### About this exercise
Leaving out the pictures, return word for word the stretch of entries below from the line holding "充电IC选用性价比高的EUP" through the line holding "Effect of the".

### The data
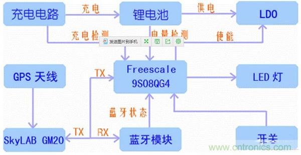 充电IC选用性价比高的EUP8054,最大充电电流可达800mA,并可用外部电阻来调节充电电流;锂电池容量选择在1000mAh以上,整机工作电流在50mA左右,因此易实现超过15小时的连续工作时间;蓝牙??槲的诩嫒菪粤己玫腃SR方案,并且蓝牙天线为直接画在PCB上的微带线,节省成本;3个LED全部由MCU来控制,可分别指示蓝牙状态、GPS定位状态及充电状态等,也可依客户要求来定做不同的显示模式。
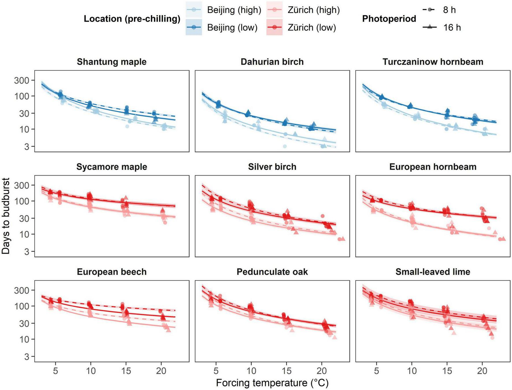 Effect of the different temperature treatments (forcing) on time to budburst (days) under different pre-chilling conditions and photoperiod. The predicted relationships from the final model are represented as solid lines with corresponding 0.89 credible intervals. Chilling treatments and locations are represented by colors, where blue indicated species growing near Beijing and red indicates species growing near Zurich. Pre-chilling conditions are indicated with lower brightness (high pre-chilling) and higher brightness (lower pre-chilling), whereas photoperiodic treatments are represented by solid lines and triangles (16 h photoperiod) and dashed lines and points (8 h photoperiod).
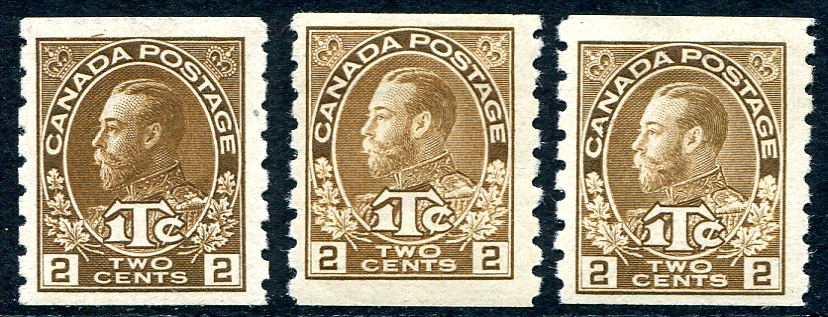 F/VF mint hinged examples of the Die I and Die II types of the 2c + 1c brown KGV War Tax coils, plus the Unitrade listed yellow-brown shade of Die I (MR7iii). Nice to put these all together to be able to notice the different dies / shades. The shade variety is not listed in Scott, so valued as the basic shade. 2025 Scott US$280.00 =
--
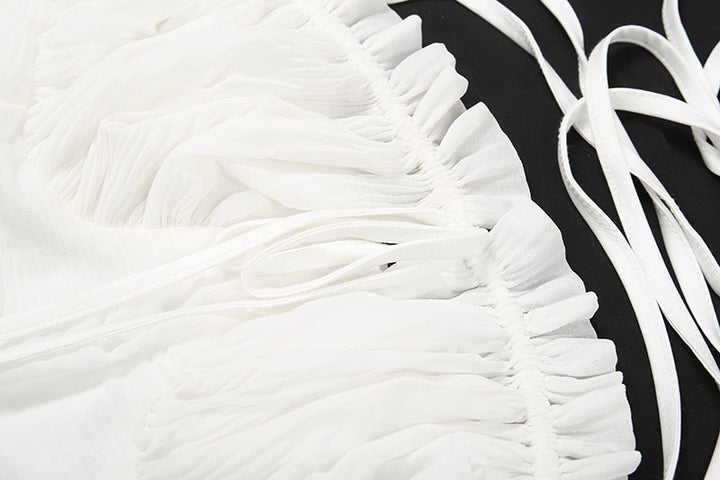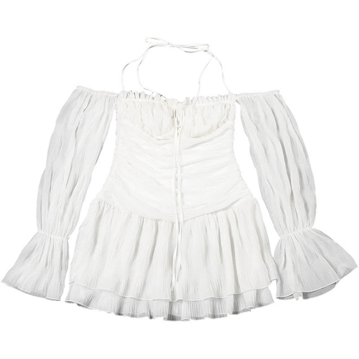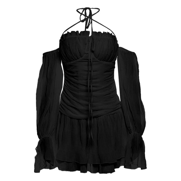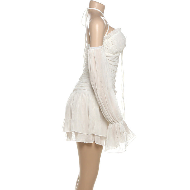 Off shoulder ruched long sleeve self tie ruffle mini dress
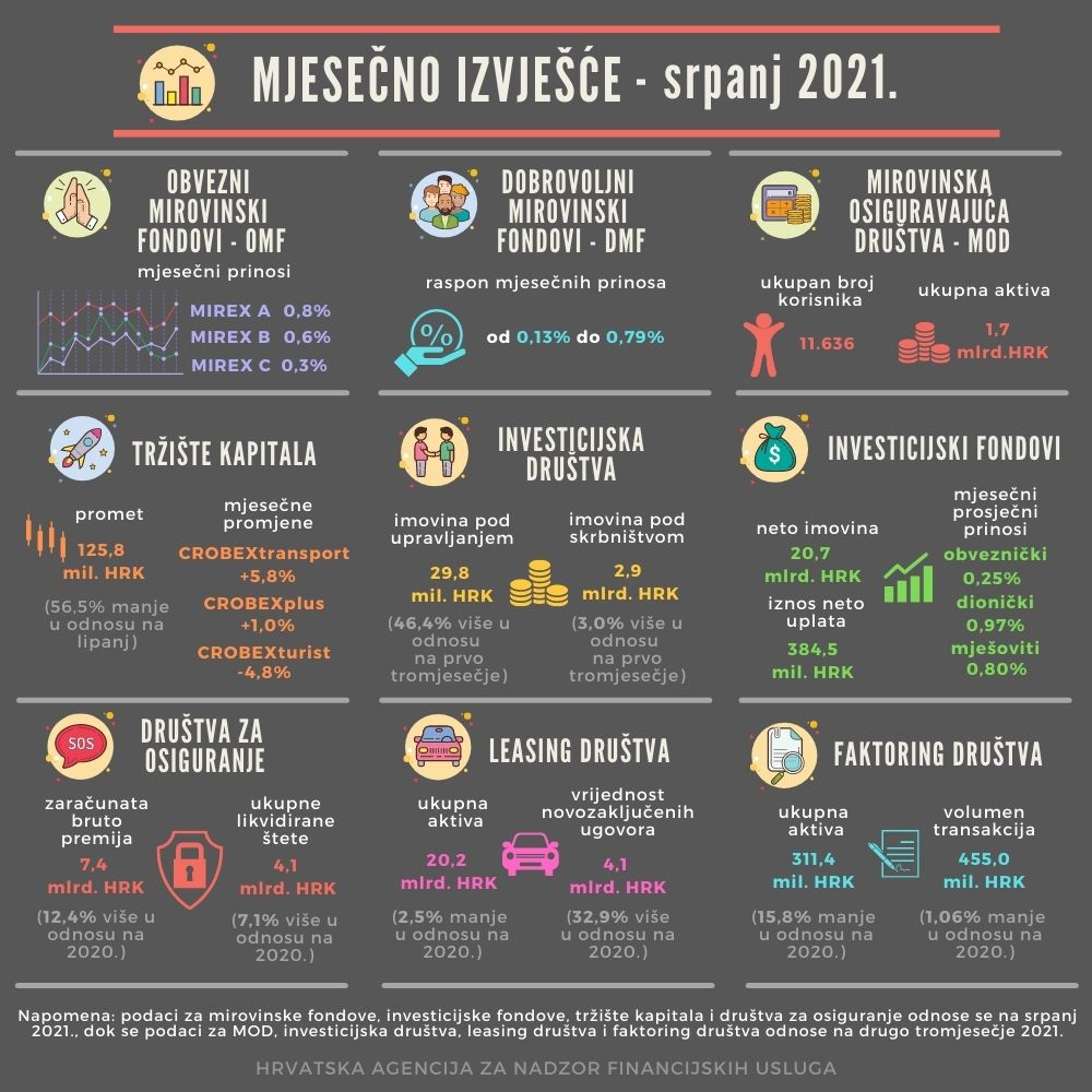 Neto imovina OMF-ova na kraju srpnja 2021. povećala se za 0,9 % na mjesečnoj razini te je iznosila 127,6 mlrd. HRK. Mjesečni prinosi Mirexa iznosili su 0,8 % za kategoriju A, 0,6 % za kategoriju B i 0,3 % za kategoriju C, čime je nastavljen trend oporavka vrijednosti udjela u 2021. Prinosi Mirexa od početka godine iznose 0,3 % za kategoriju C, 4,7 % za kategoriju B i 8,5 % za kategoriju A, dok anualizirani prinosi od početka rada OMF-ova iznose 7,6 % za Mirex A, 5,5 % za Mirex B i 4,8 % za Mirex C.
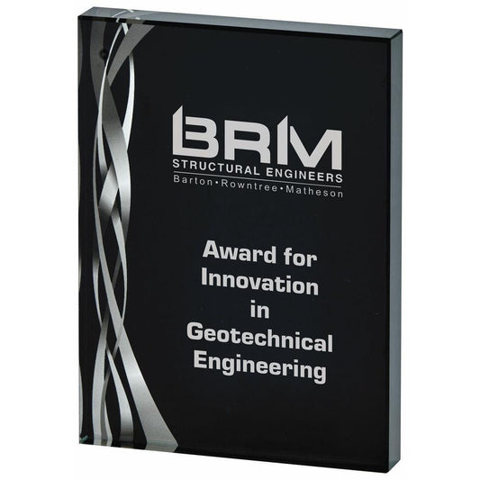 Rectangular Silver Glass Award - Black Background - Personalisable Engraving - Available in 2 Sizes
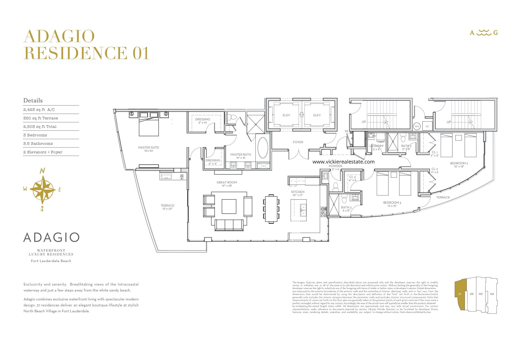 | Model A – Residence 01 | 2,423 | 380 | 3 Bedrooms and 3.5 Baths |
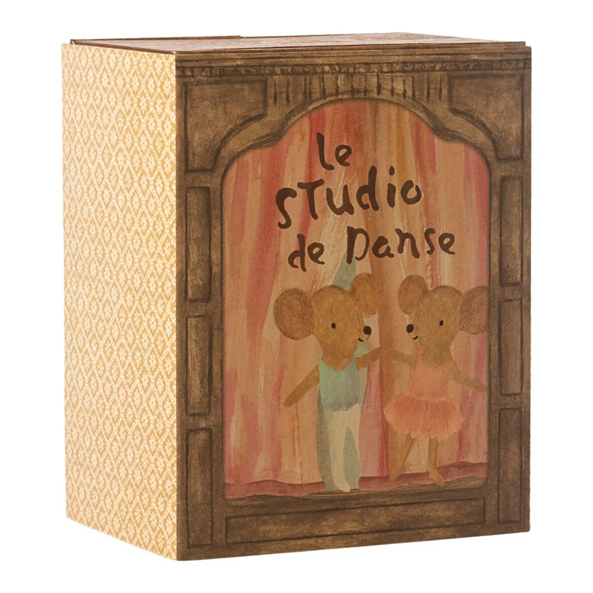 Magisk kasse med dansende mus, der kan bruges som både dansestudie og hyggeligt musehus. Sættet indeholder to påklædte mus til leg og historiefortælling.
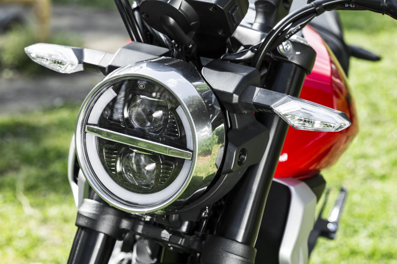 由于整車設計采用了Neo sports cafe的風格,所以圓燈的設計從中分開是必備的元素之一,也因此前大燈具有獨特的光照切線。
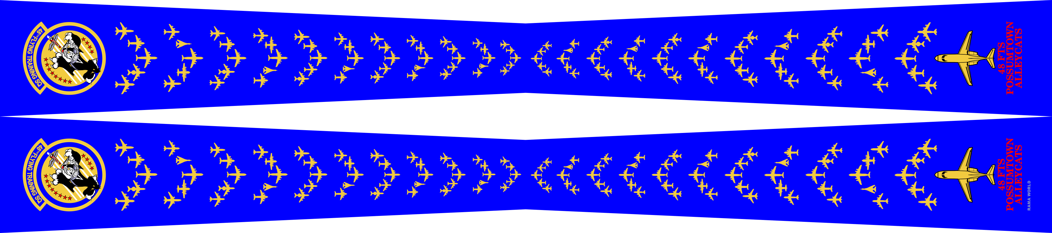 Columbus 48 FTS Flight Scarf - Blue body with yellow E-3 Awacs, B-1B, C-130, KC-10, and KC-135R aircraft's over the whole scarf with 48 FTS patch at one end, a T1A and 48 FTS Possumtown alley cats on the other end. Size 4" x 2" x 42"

### Written reply
 充电IC选用性价比高的EUP8054,最大充电电流可达800mA,并可用外部电阻来调节充电电流;锂电池容量选择在1000mAh以上,整机工作电流在50mA左右,因此易实现超过15小时的连续工作时间;蓝牙??槲的诩嫒菪粤己玫腃SR方案,并且蓝牙天线为直接画在PCB上的微带线,节省成本;3个LED全部由MCU来控制,可分别指示蓝牙状态、GPS定位状态及充电状态等,也可依客户要求来定做不同的显示模式。
 Effect of the different temperature treatments (forcing) on time to budburst (days) under different pre-chilling conditions and photoperiod. The predicted relationships from the final model are represented as solid lines with corresponding 0.89 credible intervals. Chilling treatments and locations are represented by colors, where blue indicated species growing near Beijing and red indicates species growing near Zurich. Pre-chilling conditions are indicated with lower brightness (high pre-chilling) and higher brightness (lower pre-chilling), whereas photoperiodic treatments are represented by solid lines and triangles (16 h photoperiod) and dashed lines and points (8 h photoperiod).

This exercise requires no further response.